See: How to Make a Complete Map of Every Thought you Think [pdf]
An excerpt from the introduction (tldr: beware of eating yourself):
I think you'll get more concrete suggestions if you explained what you hope to accomplish with this proposed task.
I've settled for (1) keeping a structured list of all books from which I've learned something worthwhile, and (2) a log for current ideas (with no more than a few short entries a week). This is sufficient to locate and efficiently relearn most barely-remembered ideas when they become relevant again.
Writing down everything you know seems pretty pointless. Writing down everything you fear forgetting might give you a smaller but more useful list, since it lets you cull out anything you're in no danger of forgetting (e.g. all the arithmetic facts) as well as anything you wouldn't care if you forgot (e.g. the vast majority of knowledge in your head).
I actually sort of do this, in a private git repository where (alongside lists of interesting typically-paragraph-sized quotes) I keep lists of interesting (typically-sentence-fragment-sized) topic names. Sometimes the names serve as mnemonics that merely remind me of an interesting fact I once encountered but haven't thought about recently (e.g. "Rai stones"). Sometimes I'll skim through the lists and encounter a topic that I've completely forgotten about (e.g. "burying the corpse effect") and I'll quickly Google to see why I once thought it was so interesting to begin with. A little organization helps. E.g. "burying the corpse effect" was in my "economicsbits" file under the hierarchy "Financial markets, investment", "Market manipulation", "Cornering the market", so it was easy to tailor web searches to lead me to results from economists rather than morticians.
I don't know if this is useful for anything more than entertainment. TimS had a very good question here.

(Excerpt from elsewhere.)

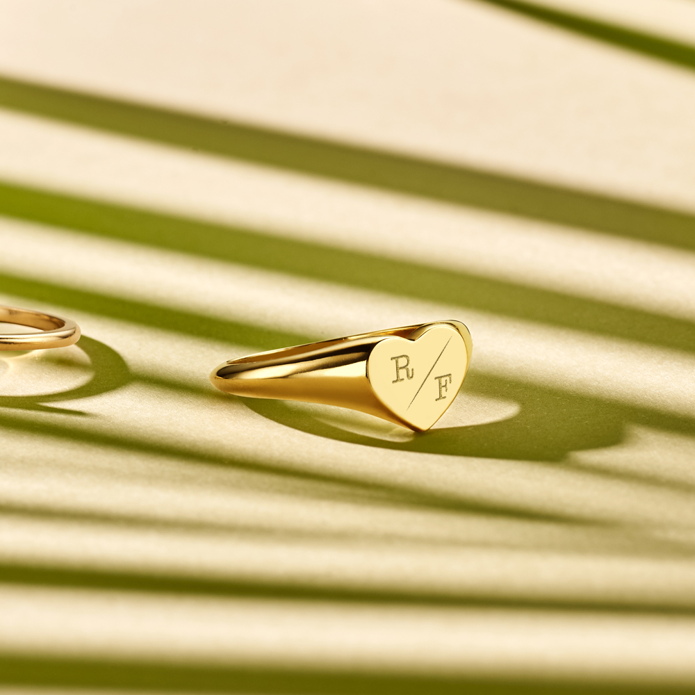 Gegraveerde hart zegelringen voor dames in 14 karaat goud. Een trendy modeaccessoire voor elke outfit en met een speciale betekenis voor jezelf. Je kunt kiezen uit de maten 16 – 19 mm. Wil je de ring cadeau geven? Dat komt mooi uit! Je ontvangt deze namelijk in een mooi sieradendoosje.

I started something like this awhile ago. I was trying to write papers for one of my classes and couldn't find a reference I needed. After about the third time this happened, I figured I ought to make some kind of searchable list of references with summaries about what they contain, and links to the file. I use a google document now, with summaries of books I've read and notes from my classes, in addition to references. What I really want is something like workflowy where I can collapse bulleted points. Workflowy would be fine, but I'd be worrying about going over their limit and having to pay for it, since I have a lot of bullet points. In the meantime, I use google docs' "table of contents" feature so I have that orderly list I want.
I don't put "everything" in it. My general rule is that it has to be either useful, something I'd likely forget, or something interesting. I also link to everything so I don't have to search my history.
What do you mean by everything? Surely not literally everything?
The value/work ratio seems pretty low to me. Is this going to help you achieve your goals? If so, how? If not, is it fun enough to be worth it for that reason?
Writing down only every arithmetic fact you know, assuming you have basic knowledge of math, would, in theory, take an infinite amount of time. In practice, the universe would end first.
Your mind doesn't have an infinite amount of memory so that can't be the case. You could use your mind to generate an infinite amount of arithmetic facts, but just recording the knowledge already there would be much faster. And if you are doing this for practical purposes, I imagine you would limit yourself to just relevant or interesting facts or beliefs, and not literally everything.